Where those two concerns intersect is in the use of millimeter wave frequencies which have not been extensively tested for their effects on people.
Security & Privacy
Back in the 1990’s, home users didn’t have to worry too much about malware, viruses, identity theft, or cybercrimes because computers were rarely always connected to the Internet (and when they were connected, the data rates were relatively slow). As the years progressed, our connection speeds increased and we could keep our computers “always on”, which meant the bad guys had significantly faster and more reliable access to our machines when attempting to infiltrate our systems. With mobile devices, their targets have become even more plentiful.
As we blur the lines between cellular and WiFi, securing our networks (while maintaining access to all our devices and services) will become harder, potentially allowing for more attack vectors. Mixed security deployments could harbor massive DDoS attacks, crypto-jacking, and cyberattacks.
Additionally, as the coverage area of a cellular cell becomes smaller, the ability for corporations and government agencies (and criminals) to pinpoint our locations and track our comings and goings is greatly increased.
If 5G lives up to its promises, the current (and limited) spectrum in which we live should be able to accommodate more people, more uses, and more devices. These connections should be faster, more reliable, and more ubiquitous.

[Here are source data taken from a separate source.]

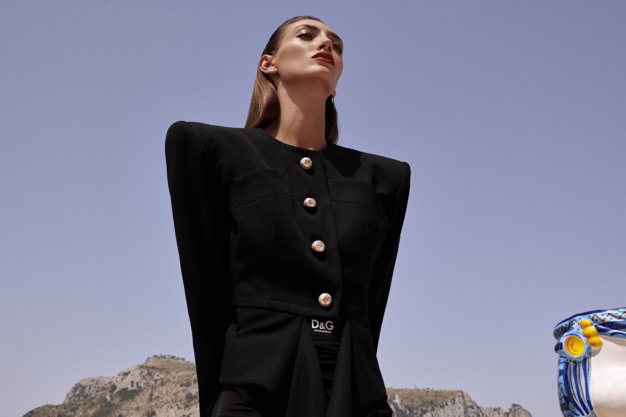 Puff Shoulder Blazer, Slinky Shorts With A Decorative Skirt Part, High-Heeled Shoes, DOLCE&GABBANA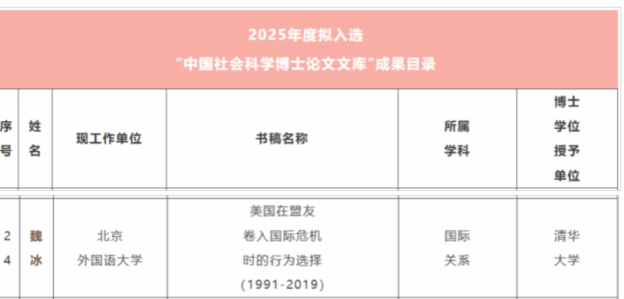 近期,公司青年教师杨双梅、夏方波申报的项目“东南亚政党政治‘家族化’与家族政治‘政党化’的逻辑、影响及中国对策研究”等两项课题喜获国家社科基金青年项目立项。青年教师魏冰的博士论文《美国在盟友卷入国际危机时的行为选择(1991-2019)》成功入选中国社会科学出版社2025年度“中国社会科学博士论文文库”,来自全国高校、研究院所的102部博士论文参评,最终评选出31部拟入选2025年度“中国社会科学博士论文文库”。青年教师贾力楠的《从比较历史政治视角反思民主和平论》和释启鹏副教授的《“众”不敌“寡”:自由主义民主缘何必然衰退》刊载在2025年第4期的《政治学研究》上。这是公司历史上首次两位教师在《政治学研究》同一期发表论文,充分展现出近年来古天乐太阳集团城在推进政治学学科发展、助力青年学者成长成才方面取得的重大成绩。《政治学研究》是中国社会科公司政治学研究所主办的学术期刊,入选CSSCI核心期和AMI顶级期刊,复合影响因子8.494,是政治学领域最具权威性的刊物。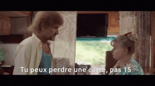 Paglalarawan ng Content: a man and a woman are standing next to each other and the man says tu peux perdre une carte pas 15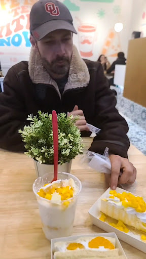 Read moreJus got back from DFW on my way home to my current resident city. My hubby treated me out for a lil' bday and welcome home treat. This was our first and definitely not our last visit. We were obsessed with the menu item plain crepe cake ( a thin mango layered cake topped w/ cream and fresh diced mango fruit.) We also shared a mango cheese "snow boy" and ordered the fruit sando to go. Everything was delicious and surprisingly unexpected. Absolutely recommend stopping by for a light sweet treat. I'm obsessed w/ the crepe cakes. Yum! Next visit we want to try...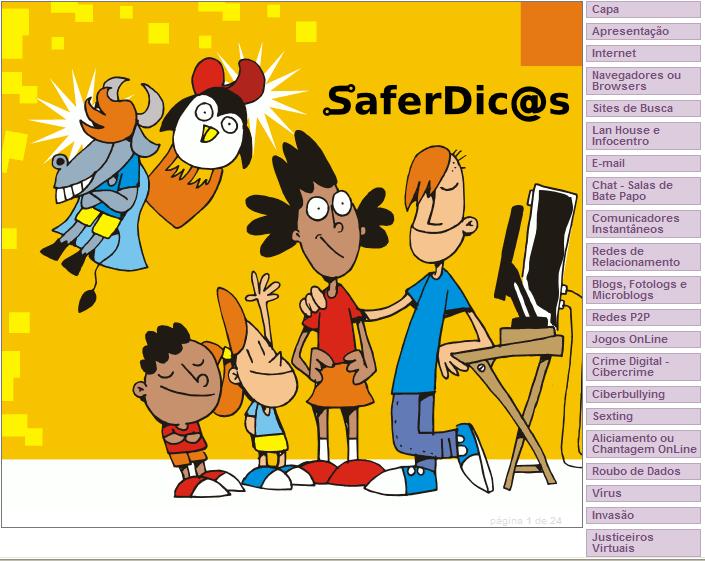 O uso da internet se espalha no país e coloca todo mundo diante de serviços novos e de perigos novos. Exatamente pra alertar as pessoas pra esses perigos e pra fazê-las aproveitar melhor os serviços da internet foi criada uma cartilha que pode ajudar crianças e adolescentes. A versão que circula na internet é para crianças, pais e professores. As dicas aparecem em forma de jogos, brincadeiras e histórias em quadrinhos. A principal é: não informe dados pessoais, como endereço ou telefone. Outra recomendação é não responder a ameaças e provocações. Se souber de alguém que esteja sendo intimidado, avise um adulto em quem confie. Você pode explorar o site https://www.safernet.org.br/site/prevencao/cartilha/safer-dicas SaferNet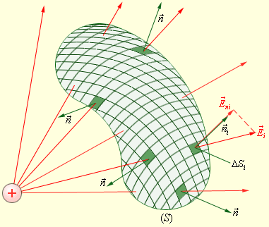Рассмотрим теперь некоторую произвольную замкнутую поверхность S. Если разбить эту поверхность на малые площадки ΔSi, определить элементарные потоки ΔΦi поля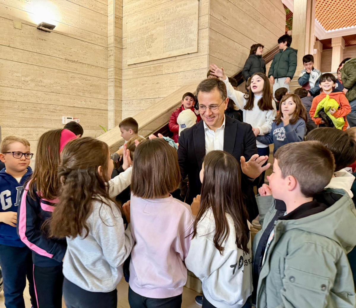 Medio centenar de alumnos y alumnas de 3º y 4º de primaria del Colegio Mª Llanos Martínez han estado en el Ayuntamiento antes de ir a la Catedral, al Parque Abelardo Sánchez, la biblioteca de Simón Abril y el Parque de bomberos. El alcalde ha agradecido la colaboración de los profesores, y ha animado a los chavales a “disfrutar de su ciudad y a conocerla mejor, porque conocer algo es siempre el primer paso para amarlo y valorarlo, y todos debemos amar y valorar nuestra ciudad, que es Albacete. Espero que esto os haga sentiros aún más orgullosos de nuestra ciudad, una ciudad que nuestros mayores nos legaron y que nosotros debemos hacer aún mejor”.

However, exactly what 5G is has yet to be defined, let alone realized in a practical sense. The 5G deployments we’ve seen to-date are more “proof of concept” than they are foretellers of the future of the “standard”.
Lastly, 5G is often described as a universal solution for all Internet connectivity issues – it is not. As Member of Parliament of Canada David de Burgh Graham says, “5G is not a magic bullet that will fix everything”.